ILLC: Iterative Layer-by-Layer Compression for Enhancing Structural Faithfulness in SpArX
Ungsik Kim
TL;DR
This work tackles the challenge of compressing deep neural networks without sacrificing structural fidelity or explanatory power. It introduces Iterative Layer-by-Layer Compression (ILLC), a layer-wise scheme that recalibrates each layer before compressing the next, achieving lower input-output and structural unfaithfulness while preserving the argumentative reasoning captured by the SparX/QBAF framework. Empirical results on the Breast Cancer Diagnosis dataset show consistent improvements across global and local explanations and reveal phenomena like Bi-Local-Maxima and Dead Neurons, which ILLC mitigates. The approach promises more compact, faithful models suitable for high-stakes domains where transparent internal reasoning is required, with potential extensions to other architectures and skip-connected networks.
Abstract
In the field of Explainable Artificial Intelligence (XAI), argumentative XAI approaches have been proposed to represent the internal reasoning process of deep neural networks in a more transparent way by interpreting hidden nodes as arguements. However, as the number of layers increases, existing compression methods simplify all layers at once, which lead to high accumulative information loss.

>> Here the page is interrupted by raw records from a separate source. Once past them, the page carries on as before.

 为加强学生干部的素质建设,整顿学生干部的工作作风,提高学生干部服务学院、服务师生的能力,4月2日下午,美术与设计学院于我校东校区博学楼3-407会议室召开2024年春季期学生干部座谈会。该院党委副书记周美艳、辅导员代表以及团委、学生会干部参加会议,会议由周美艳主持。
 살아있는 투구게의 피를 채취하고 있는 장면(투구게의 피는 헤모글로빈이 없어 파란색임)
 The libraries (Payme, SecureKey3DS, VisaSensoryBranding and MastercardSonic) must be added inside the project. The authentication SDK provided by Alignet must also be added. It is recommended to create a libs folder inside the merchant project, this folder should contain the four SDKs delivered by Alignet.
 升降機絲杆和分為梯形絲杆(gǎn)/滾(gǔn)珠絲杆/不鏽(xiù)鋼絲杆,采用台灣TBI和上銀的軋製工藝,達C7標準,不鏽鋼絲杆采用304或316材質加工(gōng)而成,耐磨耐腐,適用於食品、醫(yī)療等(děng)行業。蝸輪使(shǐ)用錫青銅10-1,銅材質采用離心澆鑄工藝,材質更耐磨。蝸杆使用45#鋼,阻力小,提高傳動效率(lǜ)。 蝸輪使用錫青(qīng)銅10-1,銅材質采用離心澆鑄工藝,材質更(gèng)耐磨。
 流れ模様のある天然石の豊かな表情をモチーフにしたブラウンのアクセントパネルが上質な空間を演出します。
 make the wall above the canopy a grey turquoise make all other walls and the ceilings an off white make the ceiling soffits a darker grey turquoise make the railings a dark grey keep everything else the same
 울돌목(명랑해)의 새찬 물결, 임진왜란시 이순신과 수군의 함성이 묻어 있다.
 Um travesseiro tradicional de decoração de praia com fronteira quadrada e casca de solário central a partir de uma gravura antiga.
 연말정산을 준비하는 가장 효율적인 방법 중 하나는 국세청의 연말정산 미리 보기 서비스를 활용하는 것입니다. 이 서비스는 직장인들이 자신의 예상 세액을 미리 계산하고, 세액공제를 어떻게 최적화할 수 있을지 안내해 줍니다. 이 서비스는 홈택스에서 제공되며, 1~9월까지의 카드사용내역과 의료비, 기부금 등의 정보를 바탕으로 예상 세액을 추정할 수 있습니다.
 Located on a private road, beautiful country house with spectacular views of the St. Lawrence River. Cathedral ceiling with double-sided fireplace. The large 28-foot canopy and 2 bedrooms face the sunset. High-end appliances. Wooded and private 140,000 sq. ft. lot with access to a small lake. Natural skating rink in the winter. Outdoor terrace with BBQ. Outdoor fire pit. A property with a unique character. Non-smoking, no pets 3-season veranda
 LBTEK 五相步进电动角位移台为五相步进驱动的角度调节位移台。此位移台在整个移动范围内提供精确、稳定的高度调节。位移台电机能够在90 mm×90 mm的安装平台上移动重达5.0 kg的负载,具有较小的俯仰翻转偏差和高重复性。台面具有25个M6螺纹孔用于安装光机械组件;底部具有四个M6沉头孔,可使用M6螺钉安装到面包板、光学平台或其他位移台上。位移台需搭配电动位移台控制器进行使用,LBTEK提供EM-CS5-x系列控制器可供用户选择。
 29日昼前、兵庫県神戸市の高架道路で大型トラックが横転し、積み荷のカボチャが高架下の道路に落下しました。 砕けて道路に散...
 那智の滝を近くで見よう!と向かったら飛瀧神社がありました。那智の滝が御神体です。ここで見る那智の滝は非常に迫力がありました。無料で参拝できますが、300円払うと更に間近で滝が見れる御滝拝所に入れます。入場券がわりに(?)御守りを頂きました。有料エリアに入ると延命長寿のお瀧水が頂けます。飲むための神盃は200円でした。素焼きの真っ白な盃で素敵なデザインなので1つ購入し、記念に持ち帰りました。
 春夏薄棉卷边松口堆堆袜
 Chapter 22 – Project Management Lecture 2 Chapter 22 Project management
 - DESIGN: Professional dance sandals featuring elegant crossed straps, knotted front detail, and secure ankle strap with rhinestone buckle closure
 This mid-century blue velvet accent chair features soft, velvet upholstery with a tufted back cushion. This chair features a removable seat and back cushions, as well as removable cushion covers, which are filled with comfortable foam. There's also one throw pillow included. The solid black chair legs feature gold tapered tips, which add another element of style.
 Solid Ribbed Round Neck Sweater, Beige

To compensate for this, we propose an iterative layer-by-layer compression technique in which each layer is compressed separately and the reduction error in the next layer is immediately compensated for, thereby improving the overall input-output and structural fidelity of the model. Experiments on the Breast Cancer Diagnosis dataset show that, compared to traditional compression, the method reduces input-output and structural unfaithfulness, and maintains a more consistent attack-support relationship in the Argumentative Explanation scheme. This is significant because it provides a new way to make complex MLP models more compact while still conveying their internal inference logic without distortion.